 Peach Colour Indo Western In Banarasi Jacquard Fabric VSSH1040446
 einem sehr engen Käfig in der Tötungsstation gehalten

☆ ☆ ☆

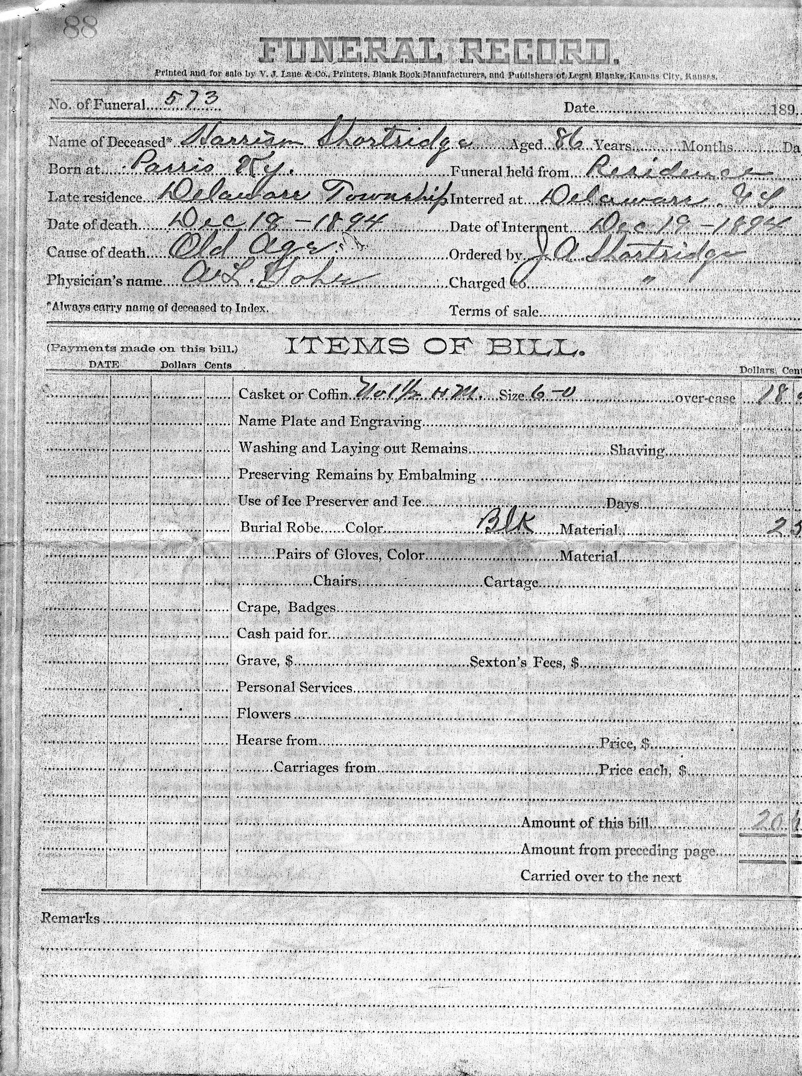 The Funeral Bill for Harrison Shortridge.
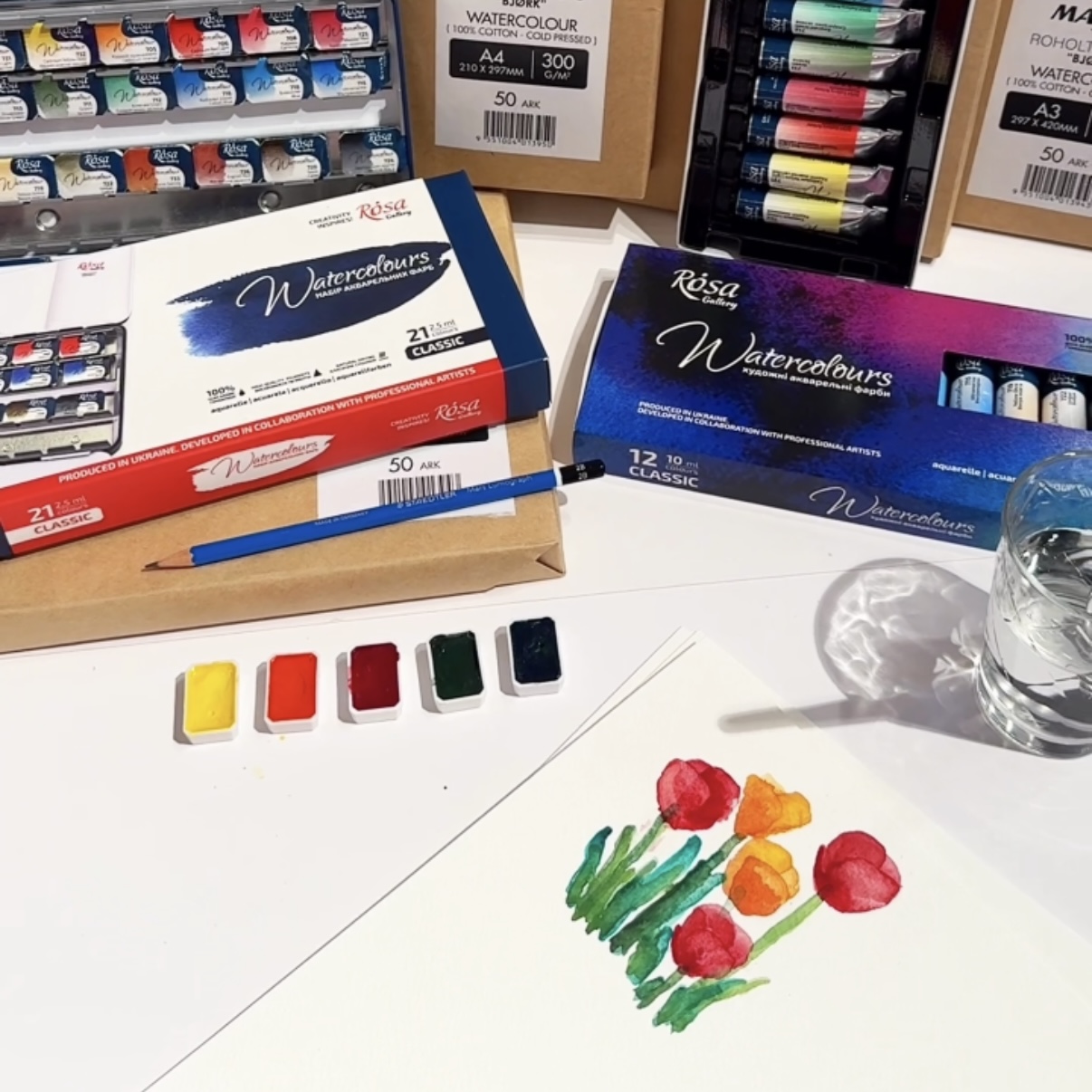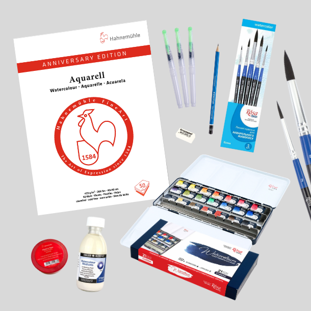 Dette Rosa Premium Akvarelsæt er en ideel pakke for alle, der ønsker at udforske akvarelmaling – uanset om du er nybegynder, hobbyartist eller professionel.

☆ ☆ ☆

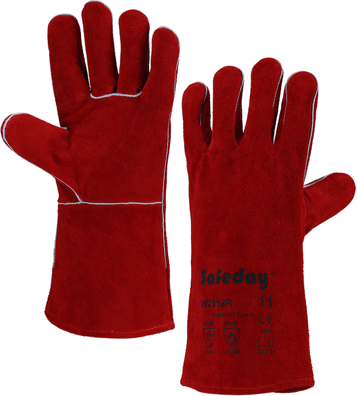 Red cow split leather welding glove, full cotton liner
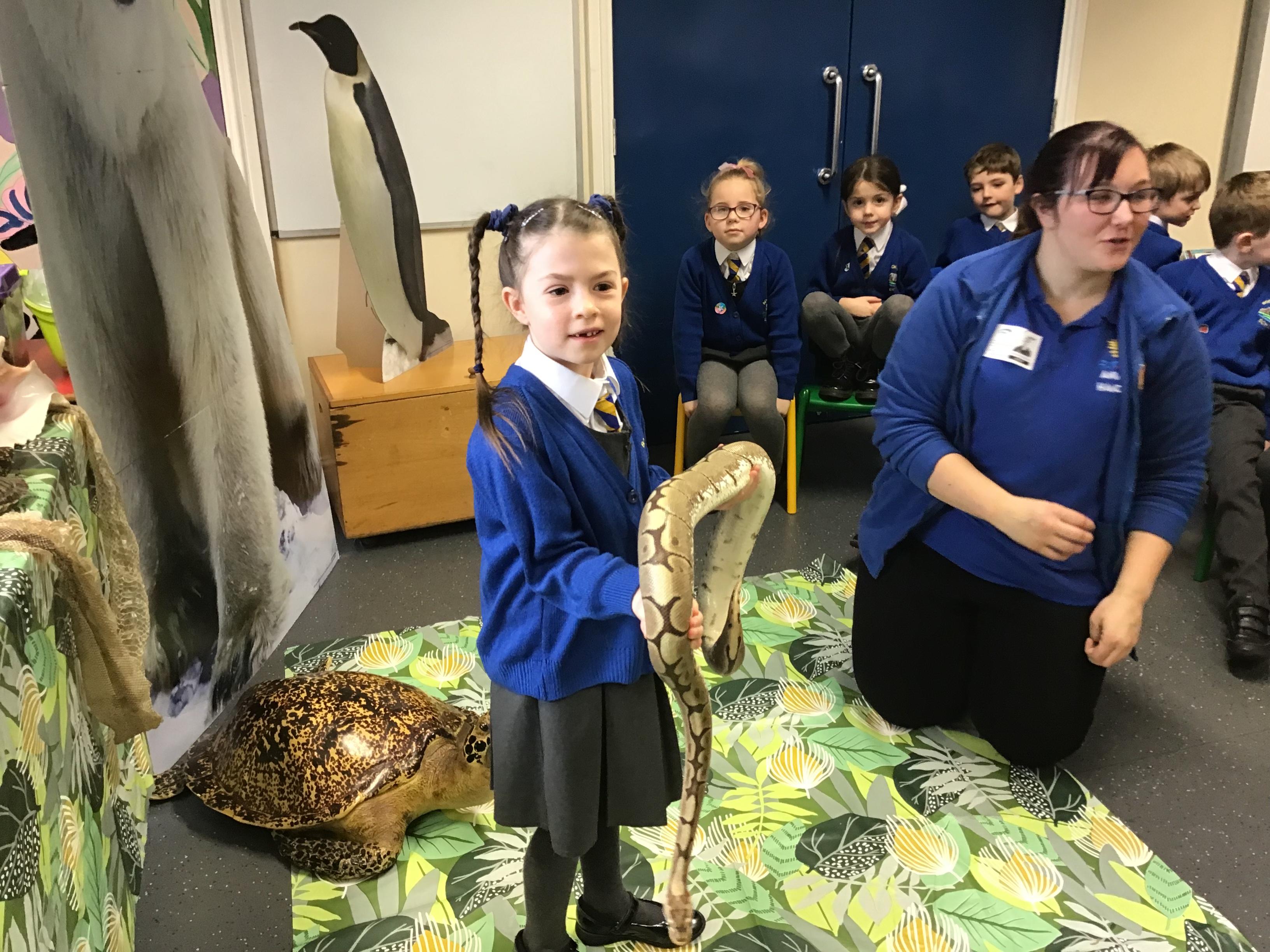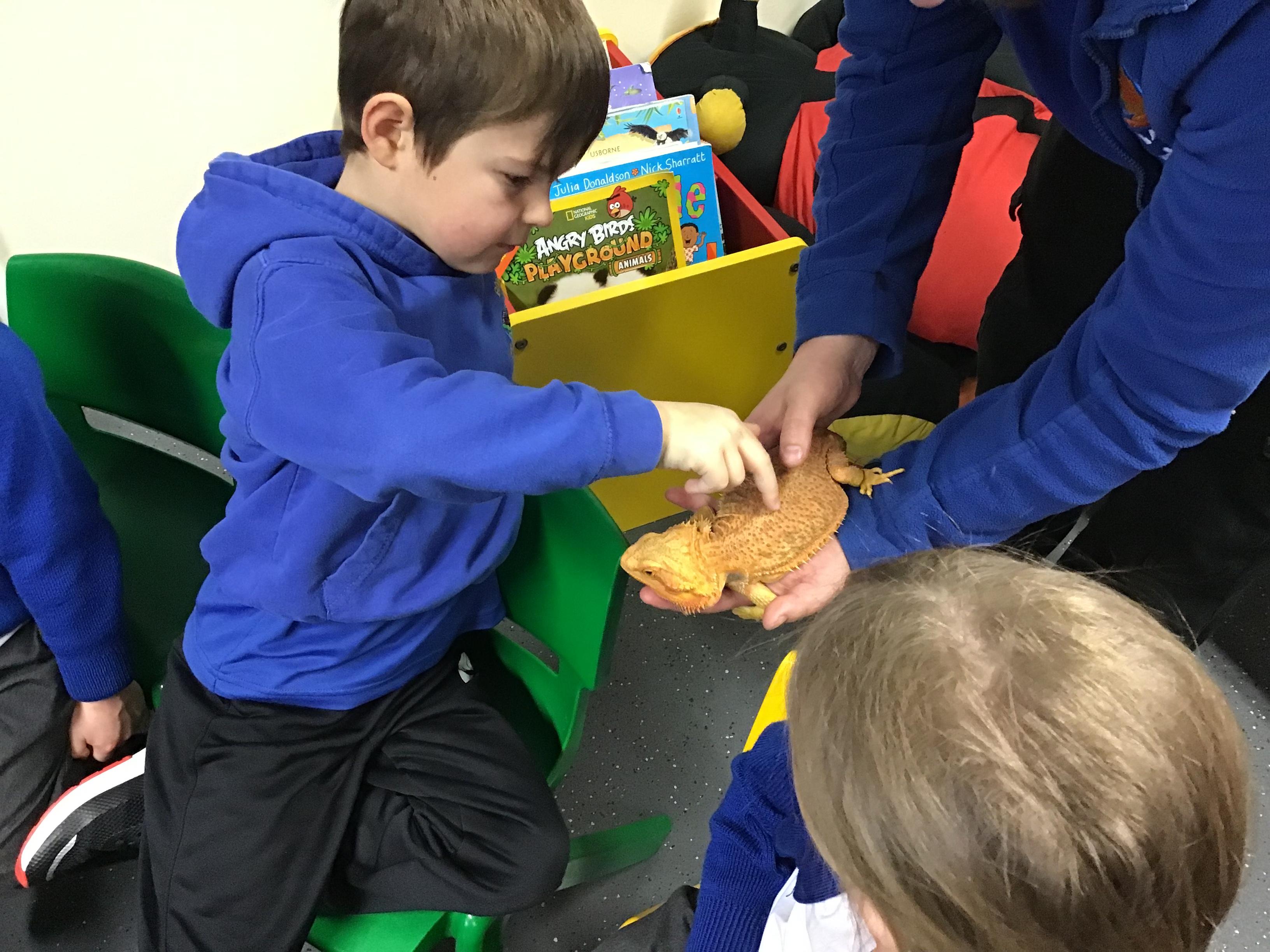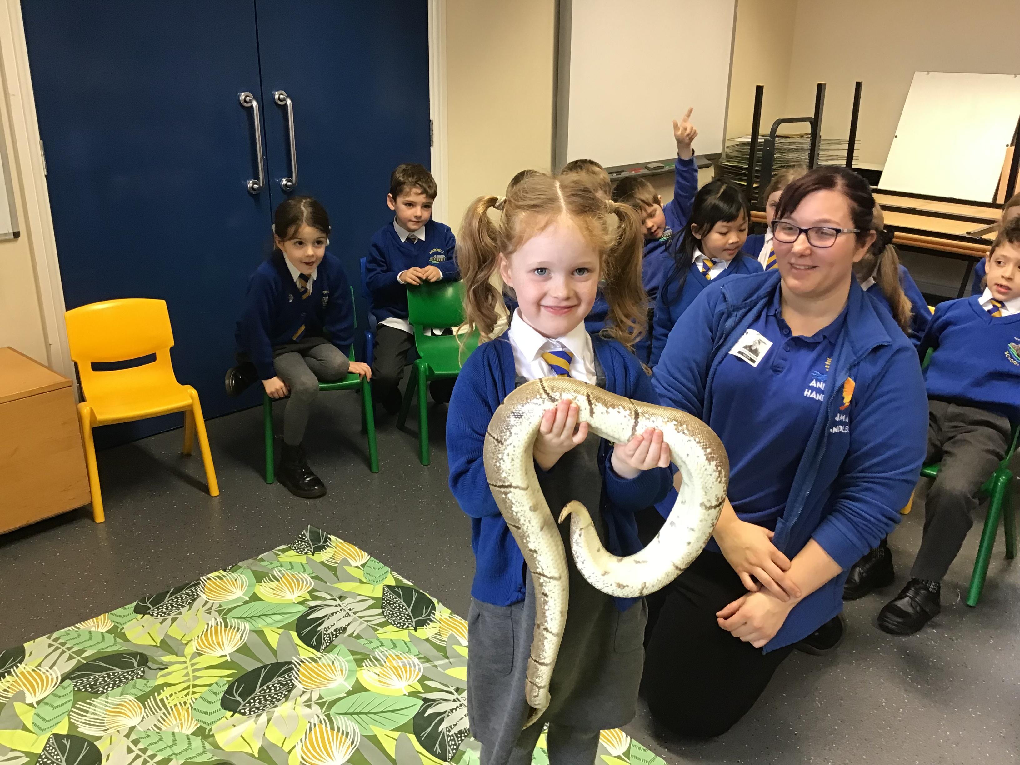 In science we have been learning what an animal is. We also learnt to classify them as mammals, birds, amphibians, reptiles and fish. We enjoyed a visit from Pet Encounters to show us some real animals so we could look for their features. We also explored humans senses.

☆ ☆ ☆

▶ **Description of the task**
Among the entries above, copy exactly the stretch from the line holding "The Funeral Bill for Harrison Shortridge." through the line holding "Dette Rosa Premium", leaving out any pictures.

▶ **Result below**
 The Funeral Bill for Harrison Shortridge.
 Dette Rosa Premium Akvarelsæt er en ideel pakke for alle, der ønsker at udforske akvarelmaling – uanset om du er nybegynder, hobbyartist eller professionel.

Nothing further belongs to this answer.